Still the hunter sees its traces Scattered far o'er hill and valley; Sees the giant bulrush growing By the ponds and water-courses, Sees the masses of the Wawbeek Lying still in every valley.
Homeward now went Hiawatha; Pleasant was the landscape round him, Pleasant was the air above him, For the bitterness of anger Had departed wholly from him, From his brain the thought of vengeance, From his heart the burning fever.
Only once his pace he slackened, Only once he paused or halted, Paused to purchase heads of arrows Of the ancient Arrow-maker, In the land of the Dacotahs, Where the Falls of Minnehaha Flash and gleam among the oak-trees, Laugh and leap into the valley.
There the ancient Arrow-maker Made his arrow-heads of sandstone, Arrow-heads of chalcedony, Arrow-heads of flint and jasper, Smoothed and sharpened at the edges, Hard and polished, keen and costly.
With him dwelt his dark-eyed daughter, Wayward as the Minnehaha, With her moods of shade and sunshine, Eyes that smiled and frowned alternate, Feet as rapid as the river, Tresses flowing like the water, And as musical a laughter: And he named her from the river, From the water-fall he named her, Minnehaha, Laughing Water.
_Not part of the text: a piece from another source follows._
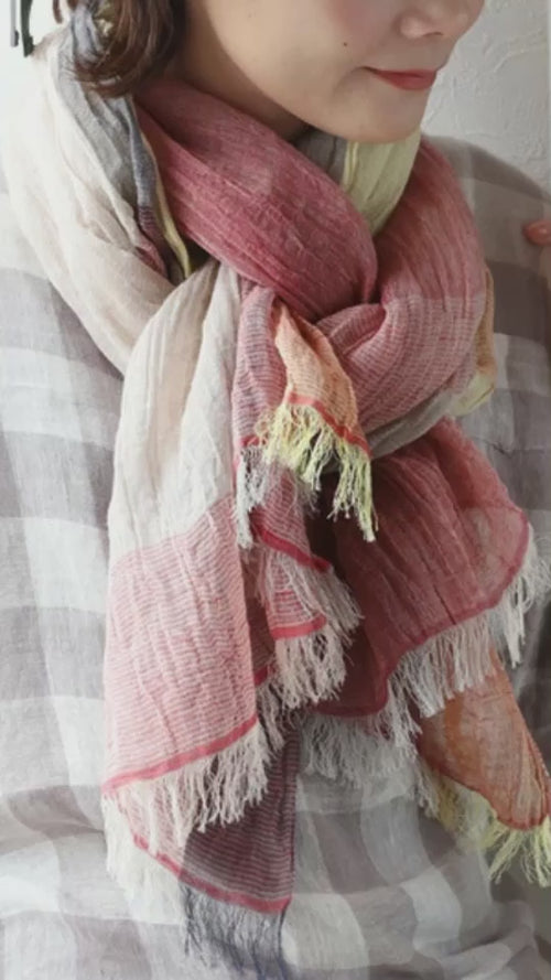 | A thin linen cotton stole with a beautiful bi-color variation. The natural wrinkles do not cling to your skin, making it smooth and comfortable. |

Was it then for heads of arrows, Arrow-heads of chalcedony, Arrow-heads of flint and jasper, That my Hiawatha halted In the land of the Dacotahs? Was it not to see the maiden, See the face of Laughing Water Peeping from behind the curtain, Hear the rustling of her garments From behind the waving curtain, As one sees the Minnehaha Gleaming, glancing through the branches, As one hears the Laughing Water From behind its screen of branches? Who shall say what thoughts and visions Fill the fiery brains of young men? Who shall say what dreams of beauty Filled the heart of Hiawatha? All he told to old Nokomis, When he reached the lodge at sunset, Was the meeting with his father, Was his fight with Mudjekeewis; Not a word he said of arrows, Not a word of Laughing Water.